Here’s the news of the week – and how we see it here at McAlvany Wealth Management:
The Once and Future Shakeup in Oil and Gas
Although there are stocks and entire sectors making new highs in this somewhat surreal market environment, one area that has not recovered quickly is the oil and gas sector. To be fair, energy was under a great deal of pressure even before the COVID-19 crisis. That pressure was increased by the oil price war in March following the initially failed OPEC+ agreement that would have allowed production cuts to expire. Disaster in that regard was eventually averted, but the market remained heavily oversupplied. Further, the market generally understands that OPEC+ discipline is artificially supporting pricing at current levels. Although demand has returned, it is nowhere near pre-crisis levels.
One of the offshoots of the collapse in pricing was greater distress in companies with balance sheets that were stretched before the crisis hit. In many cases, corporate governance was lax and contributed to the enabling of such destruction of capital. Many of these companies are out of compliance with debt covenants, and you often see the words “strategic alternatives” in recent press releases. On the other hand, those that maintained capital discipline and did not sacrifice their balance sheets for growth are pricing senior unsecured long-term debt between four and five percent. Is it any wonder, then, that a key theme we have seen accelerate in the past several weeks is that of the no-premium M&A deal?
This round of consolidation is much needed. A merger can serve to effectively recapitalize a company with good assets but a challenged capital structure. It can significantly reduce G&A costs and lower corporate overhead, which serves to increase scale and enhance returns. Fundamentally, there needs to be concession on the part of the industry that oil and gas is structurally no longer a growth business. The wave of renewables, although not yet economically competitive, will ultimately innovate its way toward that end.
This is not to say that we can substantially eliminate or even reduce hydrocarbon demand in the near-term, but the push toward “greener” solutions is a trend that appears to be here to stay. In the meantime, the cyclical nature of the business and its vulnerability to boom-bust cycles is creating a Darwinian “survival of the fittest” dynamic. Those who have not exercised capital discipline may be forced to accept a smaller piece of a company that has favored returns over growth. While we may see a cyclical bounce in the near-term, there is clearly ample capacity to turn the production spigot back on, both here in the United States and within OPEC.

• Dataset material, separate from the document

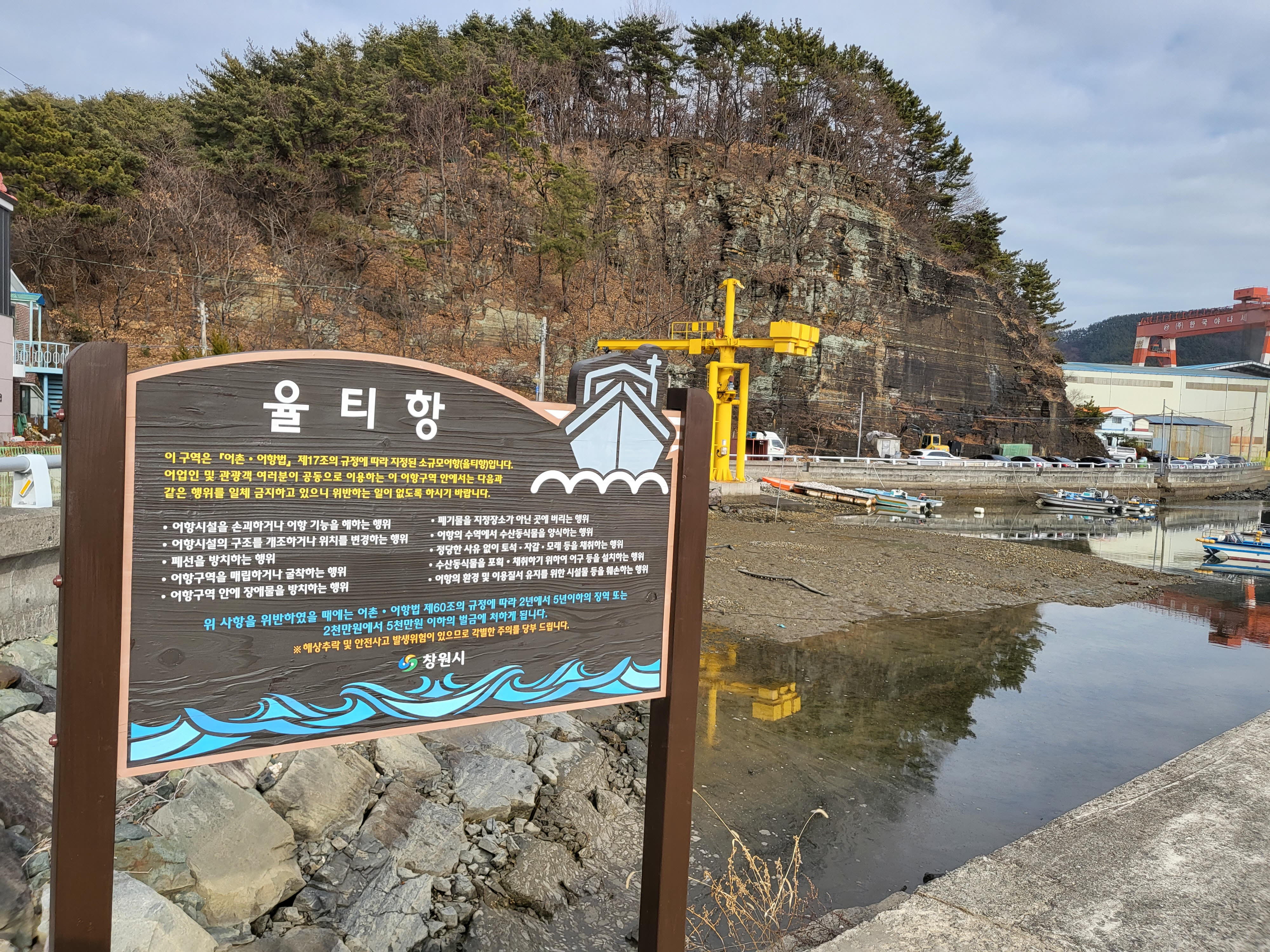 공장지대를 벗어나면 율티항앞에 버티고 선 거대 암벽을 만난다.

Ultimately, the industry may be forced to accept slower growth and a more utility-like business model – meaning that the investment community will look to the industry for stable returns over a cycle and return of capital to shareholders in the form of dividends or buying back stock. It is different than utilities in the sense that the cyclical nature of the business makes it so balance sheets cannot carry as much debt as a traditional utility. The good news is that more of those returns accrue to the equity holders. Historically in commodity businesses, this sort of returns-over-growth thinking goes right out the window when pricing recovers. However, it is hard to see a meaningful path to price recovery of $55+ in the near- to medium-term.
Overall, there have been simply too many companies chasing growth for the sake of growth while turning a blind eye to returns. Many never walked the talk of capital discipline. As a direct result of this, energy has gone from over 20 percent of the S&P 500 to less than three percent over the past several years. Perhaps the no-premium merger ushers in a new paradigm for the oil and gas industry that may restore its relevance in the capital markets. It will be a tough pill for some management teams to swallow, but, ultimately, consolidation should be supportive of pricing as more capital-disciplined companies slow the rate of overall production growth.